- DATA SEGMENT
=== Begin Enclosure ===
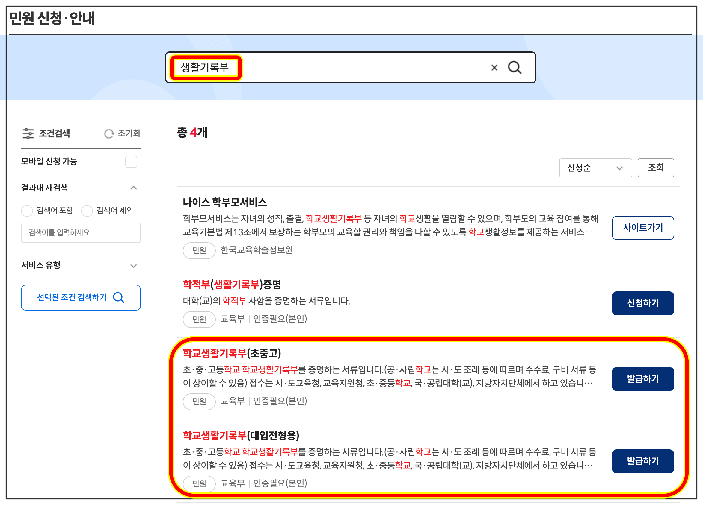 Step 4. 민원 신청.안내 메뉴에 들어가면 상단 돋보기를 볼 수 있습니다. [생활기록부]를 입력 후, 돋보기 찾기 버튼을 눌러주세요.
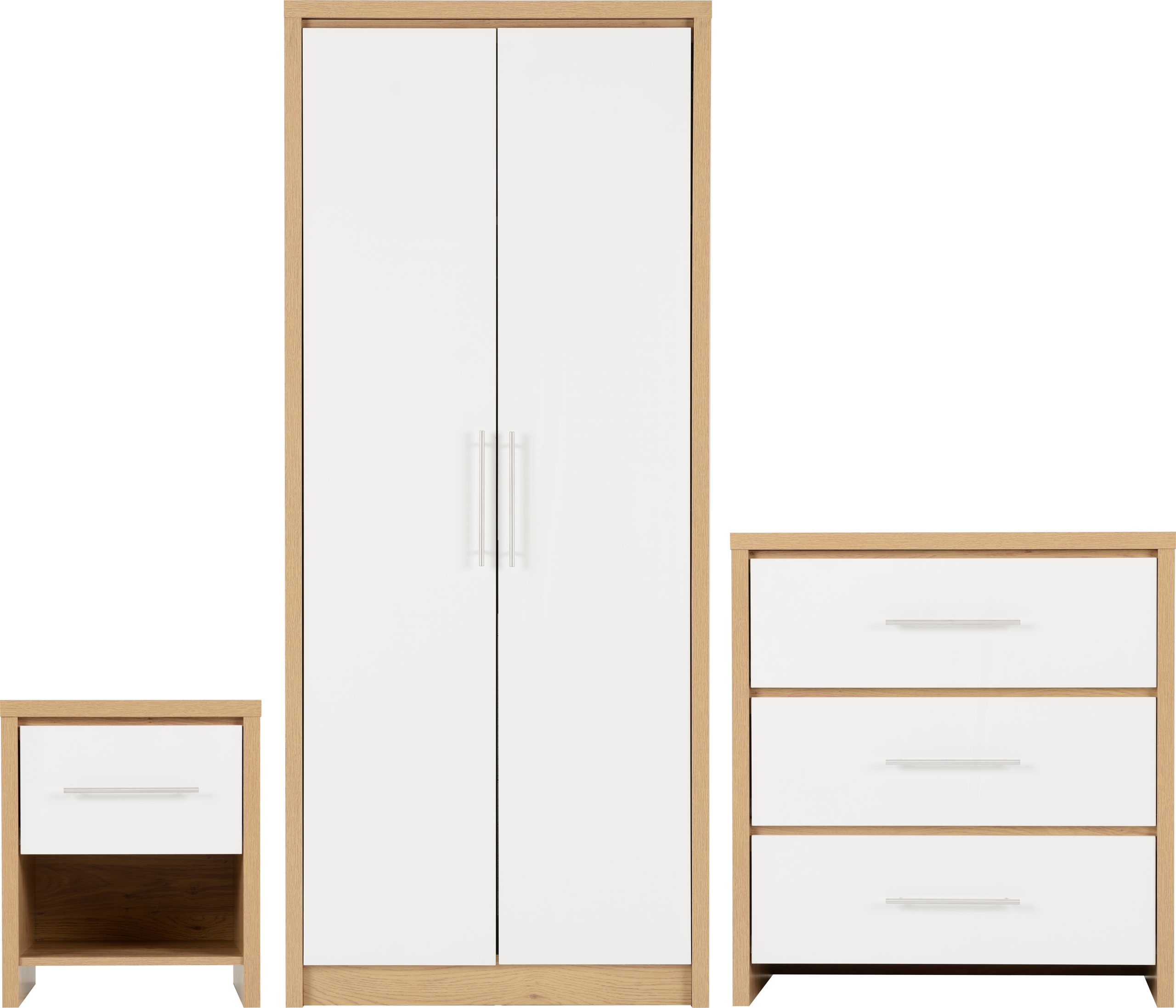 • This Seville bedroom set has a light oak effect veneer frame; the door and drawer fronts have high gloss white or grey veneer.
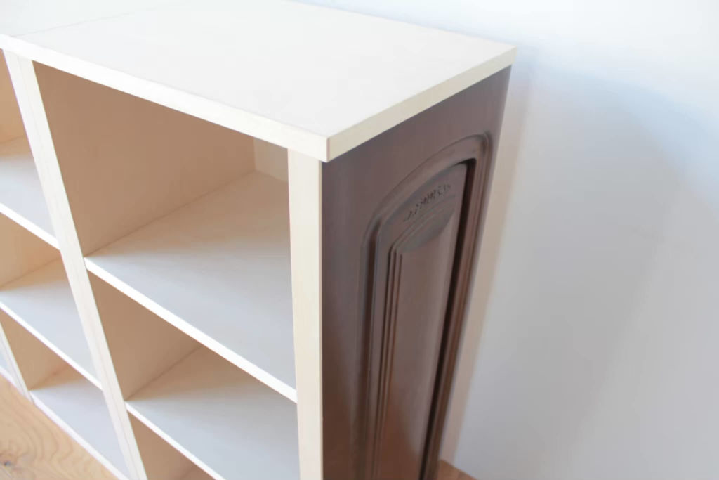 婚礼家具の扉を収納力の高い本棚にリメイク!コントラストがお洒落♪
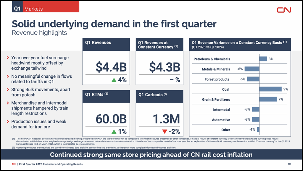 - Revenues of C$4.403 billion were up C$154 million, or 4%, from first-quarter 2024’s C$4.249 billion. The railroad reported “solid underlying demand.” For the three-months ending March 31, 2025, the “year-over-year fuel surcharge headwind [of C$0.05 was] mostly offset by exchange tailwind”; there were ‘no meaningful changes in flows related to tariffs”; there were “strong Bulk movements, apart from potash”; Merchandise and Intermodal shipments were “hampered by train length restrictions”; and there were “production issues and weak demand for iron ore.”
=== End Enclosure ===
- PROBLEM REQUIREMENTS
Leave the pictures out, and print every line of the listing exactly as written.

- EXERCISE OUTPUT
 Step 4. 민원 신청.안내 메뉴에 들어가면 상단 돋보기를 볼 수 있습니다. [생활기록부]를 입력 후, 돋보기 찾기 버튼을 눌러주세요.
 • This Seville bedroom set has a light oak effect veneer frame; the door and drawer fronts have high gloss white or grey veneer.
 婚礼家具の扉を収納力の高い本棚にリメイク!コントラストがお洒落♪
 - Revenues of C$4.403 billion were up C$154 million, or 4%, from first-quarter 2024’s C$4.249 billion. The railroad reported “solid underlying demand.” For the three-months ending March 31, 2025, the “year-over-year fuel surcharge headwind [of C$0.05 was] mostly offset by exchange tailwind”; there were ‘no meaningful changes in flows related to tariffs”; there were “strong Bulk movements, apart from potash”; Merchandise and Intermodal shipments were “hampered by train length restrictions”; and there were “production issues and weak demand for iron ore.”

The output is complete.